The theory is that (1) can happen before (2). 

As I understand it, the techniques below may solve the problem: 
* USB user space code calls mlockall()
* Change system swappiness


AP 



> -Original Message-
> From: Felipe Balbi [mailto:felipe.ba...@linux.intel.com]
> Sent: Tuesday, October 31, 2017 4:19 AM
> To: PURCELL,ANDY (K-Loveland,ex1) ; linux-
> u...@vger.kernel.org
> Subject: Re: Linux and usb device drivers using functionfs
> 
> 
> Hi,
> 
> andy_purc...@keysight.com writes:
> > I have implemented a USB device function using Linux functionfs and
> > now there is a problem being reported.
> >
> > I need to ask this group for advice.
> >
> > The problem is this:
> > 1) device boots
> >
> > 2) some usb transfers happen, all are OK
> >
> > 3) a device app runs to completion (USB quiescent during this time, no
> > USB transfers required)
> >
> > 4) the controlling PC starts a 4 KByte USB transfer to the device, but
> > this transfer does not finish. Only 3 Kbytes are ACK'd by the device.
> >
> >  (A USB analyzer shows the host trying to send more, but the
> >  device persistently NAK's)
> >
> > If step (3) is omitted, everything works fine. It is reliable - 15/15
> > times it is OK.
> >
> > The USB device function is implemented with functionfs and aio. Most
> > of the implementation is in user space.
> >
> > An off-the-shelf low level Linux driver is being used.
> >
> > Regression tests show no problems with various sized USB transfers for
> > over 24 hours.
> 
> Okay, let's try to figure out what's going on. Are you using dwc3, by any 
> chance?
> If you are, can you capture tracepoints of the failing case?
> 
> While it could be something on the application side, I want to be sure the
> controller is behaving properly.
> 
> For details on how to capture tracepoints, see [1] below.
> 
> > A colleague has investigated and has asserted user space is not the
> > right way to do things.
> >
> > He says:
> >
> > "It appeared that running the  was enough to swap the usb
> > code out that it wasn't able to swap back in quick enough to respond
> > to the USB traffic in a timely fashion"  "This is the major
> > drawback to user space drivers as opposed to kernel drivers.  Kernel
> > drivers pages are locked into memory while user space can be swapped
> > out.  There were numerous articles about this, but the best one I
> > found was:
> >
> > http://www.makelinux.net/ldd3/chp-2-sect-9 "
> >
> > Linux Device Drivers, 3rd Edition, By Jonathan Corbet,
> > Greg Kroah-Hartman, Alessandro Rubini : February 2005
> >
> > "There pertinent part is:
> >
> > o    Response time is slower, because a context switch is required to
> > transfer information or actions between the client and the hardware.
> >
> > o    Worse yet, if the driver has been swapped to disk, response time
> > is unacceptably long.
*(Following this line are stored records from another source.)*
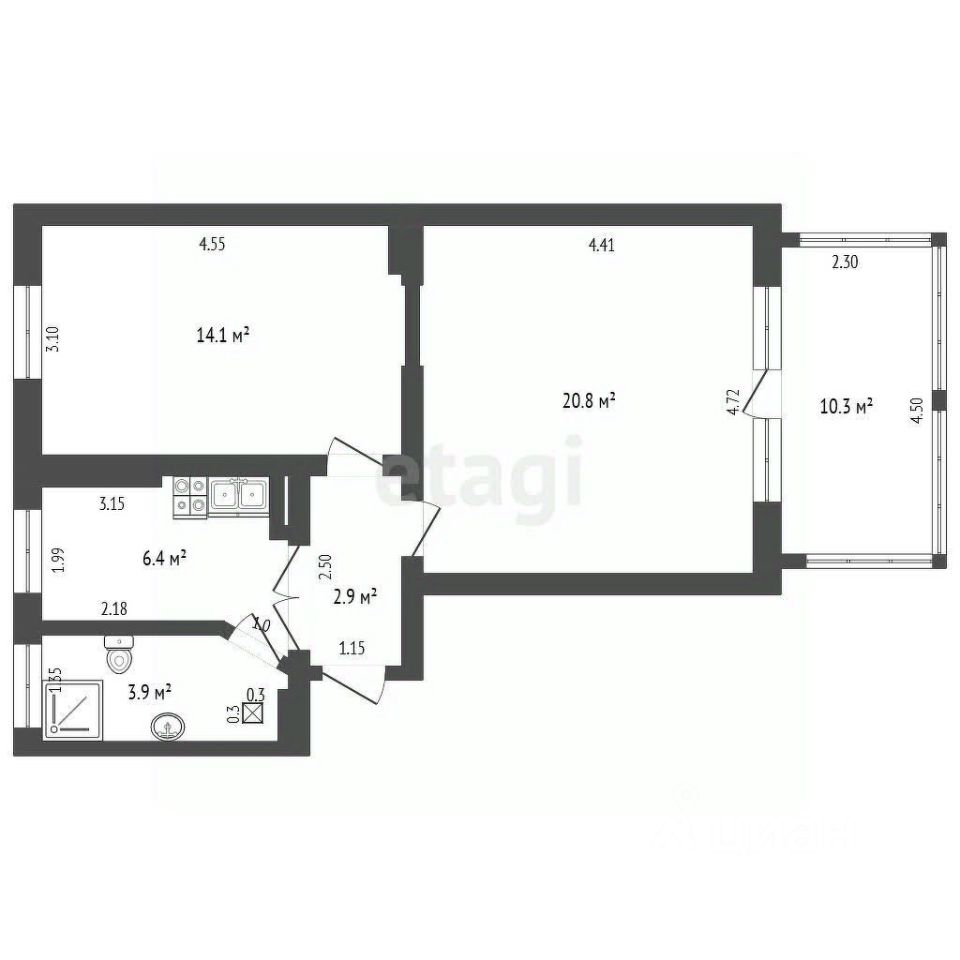 Комнаты: 20.8, 14.1 и 10.3 кв. м.
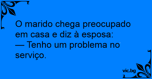 O marido chega preocupado em casa e diz à esposa:
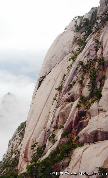 光滑陡峭的山上还可以生长松树,真看得出有些植物的顽强生命力。
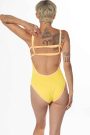 Ready to ship!!! One-piece swimsuit features cheeky cut leg-holes in a yellow swim fabric with peach trim. Swimsuits are fully lined.

Using the mlock system call might help, but
> > usually you'll need to lock many memory pages, because a user-space
> > program depends on a lot of library code. mlock, too, is limited to
> > privileged users.
> >
> > Some articles I read stated that the swap could take seconds."
> >
> >
> > QUESTIONS:
> >
> > - Did I make a mistake using user space and functionfs?
> >   (I thought state-of-the-art way to do usb function drivers was to
> >   use functionfs...)
> 
> right, unless you can use some of the in-tree functions, it doesn't make sure 
> to
> rely on an ever-changing internal API :-)
> 
> > - Should I add calls to mlock() to try to fix?
> 
> that's an easy enough test, yes :-)
> 
> > Any advice is appreciated.
> 
> [1]
> https://git.kernel.org/pub/scm/linux/kernel/git/torvalds/linux.git/tree/Docume
> ntation/driver-api/usb/dwc3.rst#n113
> 
> --
> balbi


RE: Linux and usb device drivers using functionfs

2017-11-01 Thread Felipe Balbi

Hi Andy,

andy_purc...@keysight.com writes:
> Hello Felipe,
>
> I am not using DWC3.

oh, okay :-)

> I have new information about the problem. 
> The context was this: 
>   1) device boots 
>   2) some usb transfers happen, all are OK 
>   3) a device app runs to completion (USB quiescent during this time, no USB 
> transfers required) 
>   4) the controlling PC starts a 4 KByte USB transfer to the device, but this 
> transfer does not finish. Only 3 Kbytes are ACK'd by the device.
>(A USB analyzer shows the host trying to send more, but the device 
> persistently NAK's)
>
>   If step (3) is omitted, everything works fine.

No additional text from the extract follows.